By Kara Witherow, Editor
While seven resolutions have been presented to the Conference Committee on Resolutions for consideration and vote by the 2022 South Georgia Annual Conference, there’s an eighth - and perhaps less obvious - resolution contained in the 2022 Book of Recommendations and Reports.
Written into Recommendation 1 of the Conference Board of Trustees’ report is a resolution stating the intent of the Conference Trustees to extend South Georgia’s current disaffiliation policy through December 31, 2024.
Already voted on and approved by the Trustees, the resolution states, “the Trustees wish to provide a means for local churches desiring to exit the denomination on the terms outlined in ¶2553 after the expiration of ¶2553.”
With the further postponement of General Conference to 2024, the Trustees believe it is important to give South Georgia congregations additional time to pray, discern, and make decisions, said Dr. Jimmy Asbell, president of the Conference Board of Trustees.
“It was the intent of the Trustees to prevent an unpredictable or unanticipated closing of a window and force a church to make a decision it was otherwise not prepared or not desiring to make,” he said. “We didn’t want time to be the deciding factor but wanted to give congregations time to make informed, prayerful decisions.
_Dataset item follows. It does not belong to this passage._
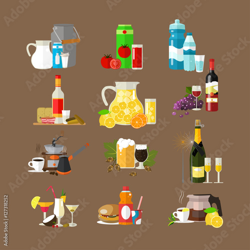 Vector set of beverages icons. Milk, tomato juice, mineral water, vodka, lemonade wine coffee beer champagne cocktails soda tea. Popular drinks. Flat design
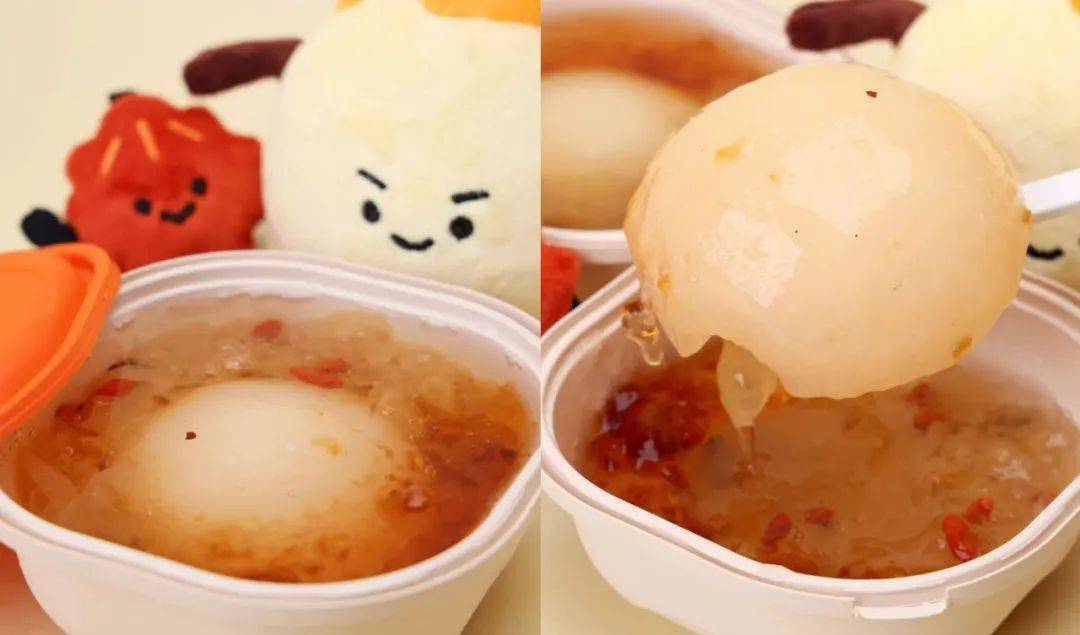 沪上阿姨的琥珀桃胶炖梨,选用当季皇冠梨慢炖半小时,桃胶慢炖出胶,再搭配甘醇清香的茉莉针王,辅以银耳、红枣,主打健康滋补。

If us honoring the terms a year longer does that, we think that’s in the best interest of the Conference.”
The Conference’s disaffiliation policy, approved during the 2019 Annual Conference session, grants local churches limited rights to exit the denomination prior to December 31, 2023.
“I am grateful to Jimmy Asbell and the Trustees for putting together this recommendation,” said Dr. Jay Harris, Assistant to the Bishop for Ministerial Services. “Being able to set deadlines after General Conference meets makes a world of difference. I hear of too many instances where churches feel under pressure to rush toward disaffiliation in order to beat deadlines. This is not a time to be propelled by fear and anxious emotion.”
The Conference Board of Trustees’ report can be read beginning on page 31 of the “Book of Recommendations and Reports.”